BY JEFF STEIN
Almost a decade ago, one of America’s longtime experts on Afghanistan forecast a horrendous scenario if the Taliban kept gaining ground in the war: An emergency evacuation of U.S. personnel from Kabul that would make the helicopter-borne escapes from the American Embassy in South Vietnam look easy.
The prediction of Kabul’s collapse was premature—by years. The 2009 op-ed piece by Thomas Johnson, a research professor at the Naval Postgraduate School, predicted the rout could come as early as 2012 if U.S. strategy didn’t change. Six years later, after dramatic troop reductions, the U.S. is still holding on in Afghanistan, but the prognosis is ever more gloomy. According to some sources, President Donald Trump is said to be toggling back to his longtime default position on the war as a “total disaster:” Others doubt he ever abandoned it.
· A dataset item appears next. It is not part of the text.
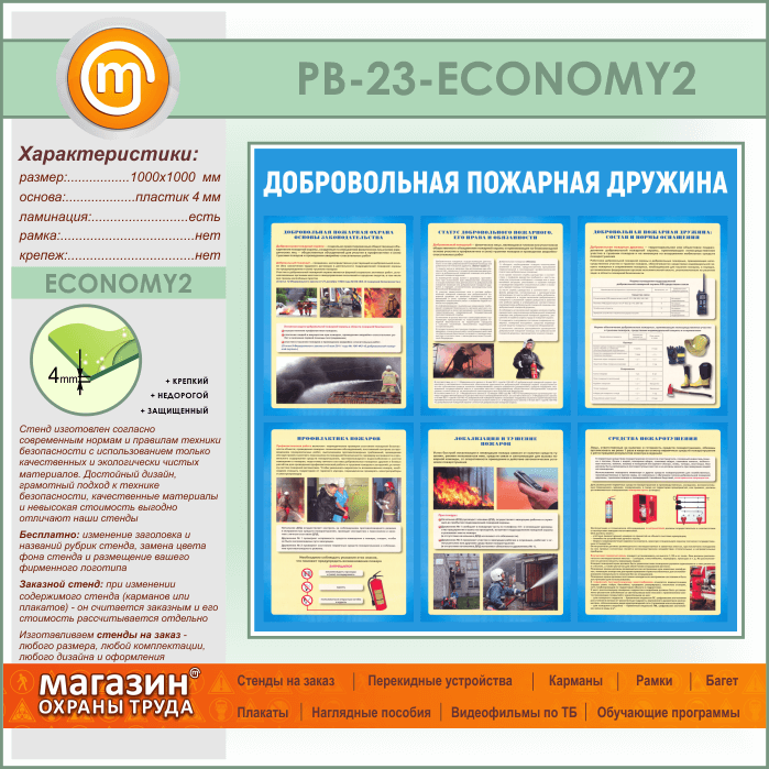 Стенд «Добровольная пожарная дружина» (PB-23-ECONOMY2) в Кашире купить

“What the fuck are we doing there?” Trump snarled when H.R. McMaster, his now departed national security adviser, proposed a revised military strategy in the summer of 2017, according toFear, the Bob Woodward book about the president. Trump grumbled to his then-aide Rob Porter that Afghanistan was “a disaster. It’s never going to be a functioning democracy. We ought to just exit completely,” according to Woodward.
Regardless, in August 2017, Trump was talked into an open-ended commitment and 4,000 more troops for Afghanistan, bringing the total to more than 14,000. There are also nearly 27,000 contractors working for the U.S., about 10,000 of which are U.S. citizens.
October 7, 2018, marks the 17th anniversary of the U.S. involvement in Afghanistan. It is America’s longest war, and though hardly its most deadly—the Vietnam conflict took 58,200 American military lives—it’s been by far the most costly: Right now the U.S. is spending roughly $50 billion a year on military operations in Afghanistan, with estimates for the total cost of the war to date ranging from $841 billion to $1.07 trillion (when the cost of Veterans Affairs care is figured in). Official Pentagon numbers are far lower.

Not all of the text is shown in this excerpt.